Table 19. Final Distances Stored at Each Node (Global View).
  A B C D E F G
A 0 1 1 2 1 1 2
B 1 0 1 2 2 2 3
C 1 1 0 1 2 2 2
D 2 2 1 0 3 2 1
E 1 2 2 3 0 2 3
F 1 2 2 2 2 0 1
G 2 3 2 1 3 1 0

There are a few details to fill in before our discussion of distance-vector routing is complete. First we note that there are two different circumstances under which a given node decides to send a routing update to its neighbors. One of these circumstances is the periodic update. In this case, each node automatically sends an update message every so often, even if nothing has changed. This serves to let the other nodes know that this node is still running. It also makes sure that they keep getting information that they may need if their current routes become unviable. The frequency of these periodic updates varies from protocol to protocol, but it is typically on the order of several seconds to several minutes. The second mechanism, sometimes called a triggered update, happens whenever a node notices a link failure or receives an update from one of its neighbors that causes it to change one of the routes in its routing table. Whenever a node’s routing table changes, it sends an update to its neighbors, which may lead to a change in their tables, causing them to send an update to their neighbors.

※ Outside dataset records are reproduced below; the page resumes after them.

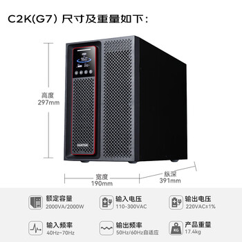 山特(SANTAK)C2K 在线式UPS不间断电源 稳压服务器机房电脑停电后备电源内置电池标准机 2000VA/2000W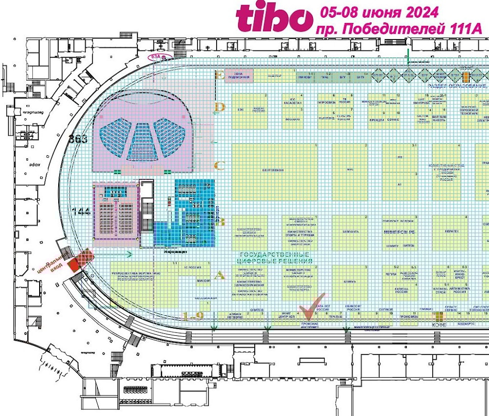 Место проведения выставки ТИБО-2024. Наш стенд ПЯТЫЙ от центрального входа в крайнем ряду напротив стенда Министерства транспорта с надписью "WWW.ERGOSMART.BY":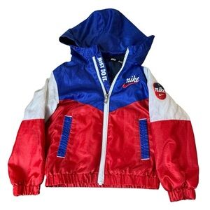 Nike Toddler Red White & Blue Color Block Hooded Fleece Lined Jacket Size 2T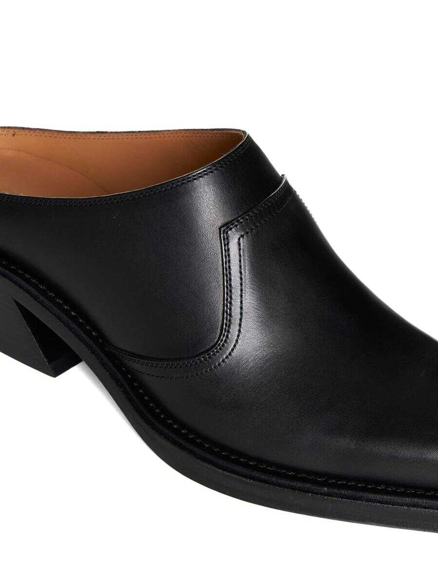 Off-White’s Cowboy black leather mules featuring a tapered and square toe, leather lining and insole and leather sole with slanted block heel.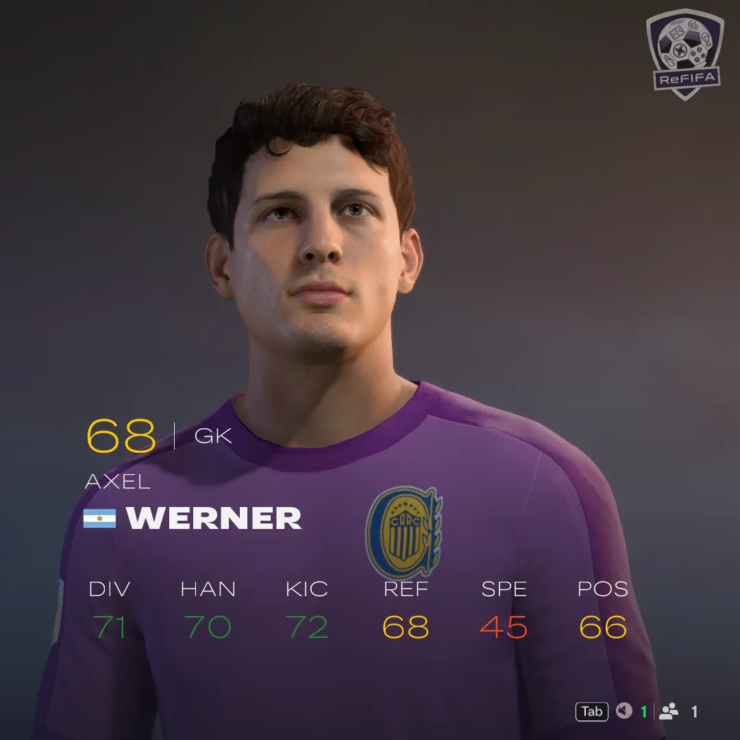 Argentina’s goalkeeper for Rosario Central in Liga Profesional de Fútbol, has an overall rating of 68. Werner’s shot-stopping could shore up defenses, and his new real face enhances the South American league experience.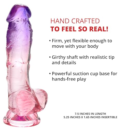 Adam & Eve Sunset Dreams Dildo 7.5 in. Multicolor Flexible Realistic Dildo with Firm Shaft Veins Balls & Suction Cup Base for Hands Free Play Soft & Fleshy Insertable Phallic Head for Girthy Pleasure

Now consider what happens when a link or node fails. The nodes that notice first send new lists of distances to their neighbors, and normally the system settles down fairly quickly to a new state. As to the question of how a node detects a failure, there are a couple of different answers. In one approach, a node continually tests the link to another node by sending a control packet and seeing if it receives an acknowledgment. In another approach, a node determines that the link (or the node at the other end of the link) is down if it does not receive the expected periodic routing update for the last few update cycles.

To understand what happens when a node detects a link failure, consider what happens when F detects that its link to G has failed. First, F sets its new distance to G to infinity and passes that information along to A. Since A knows that its 2-hop path to G is through F, A would also set its distance to G to infinity. However, with the next update from C, A would learn that C has a 2-hop path to G. Thus, A would know that it could reach G in 3 hops through C, which is less than infinity, and so A would update its table accordingly. When it advertises this to F, node F would learn that it can reach G at a cost of 4 through A, which is less than infinity, and the system would again become stable.

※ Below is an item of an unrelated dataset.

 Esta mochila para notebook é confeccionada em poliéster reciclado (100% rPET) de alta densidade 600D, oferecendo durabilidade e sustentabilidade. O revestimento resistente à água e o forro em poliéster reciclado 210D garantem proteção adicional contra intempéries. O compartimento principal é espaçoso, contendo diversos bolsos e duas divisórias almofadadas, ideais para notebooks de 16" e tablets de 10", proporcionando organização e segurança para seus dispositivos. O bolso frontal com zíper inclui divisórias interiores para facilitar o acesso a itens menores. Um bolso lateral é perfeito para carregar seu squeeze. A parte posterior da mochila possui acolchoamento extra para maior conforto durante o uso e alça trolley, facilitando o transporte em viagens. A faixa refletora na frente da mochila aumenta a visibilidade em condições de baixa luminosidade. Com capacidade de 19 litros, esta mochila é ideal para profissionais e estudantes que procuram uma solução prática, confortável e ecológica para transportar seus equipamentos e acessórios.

Unfortunately, slightly different circumstances can prevent the network from stabilizing. Suppose, for example, that the link from A to E goes down. In the next round of updates, A advertises a distance of infinity to E, but B and C advertise a distance of 2 to E. Depending on the exact timing of events, the following might happen: Node B, upon hearing that E can be reached in 2 hops from C, concludes that it can reach E in 3 hops and advertises this to A; node A concludes that it can reach E in 4 hops and advertises this to C; node C concludes that it can reach E in 5 hops; and so on. This cycle stops only when the distances reach some number that is large enough to be considered infinite. In the meantime, none of the nodes actually knows that E is unreachable, and the routing tables for the network do not stabilize. This situation is known as the count to infinity problem.

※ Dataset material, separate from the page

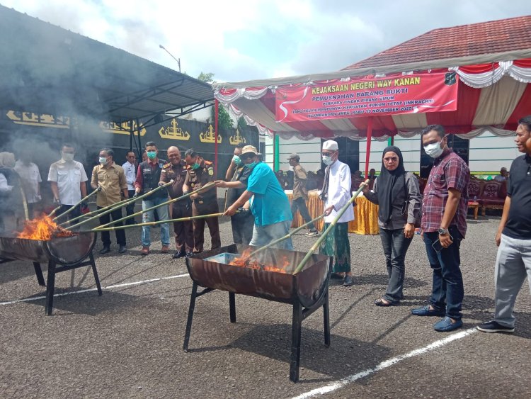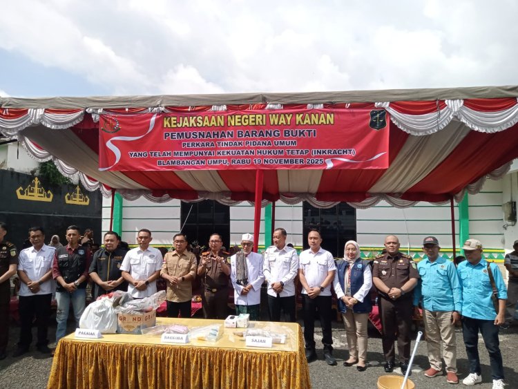Metronusantaranews.com - Way Kanan — Kejaksaan Negeri (Kejari) Way Kanan melaksanakan pemusnahan barang bukti dari perkara tindak pidana umum yang telah berkekuatan hukum tetap (inkracht). Kegiatan tersebut digelar di halaman kantor Kejari pada Rabu (19/11).

There are several partial solutions to this problem. The first one is to use some relatively small number as an approximation of infinity. For example, we might decide that the maximum number of hops to get across a certain network is never going to be more than 16, and so we could pick 16 as the value that represents infinity. This at least bounds the amount of time that it takes to count to infinity. Of course, it could also present a problem if our network grew to a point where some nodes were separated by more than 16 hops.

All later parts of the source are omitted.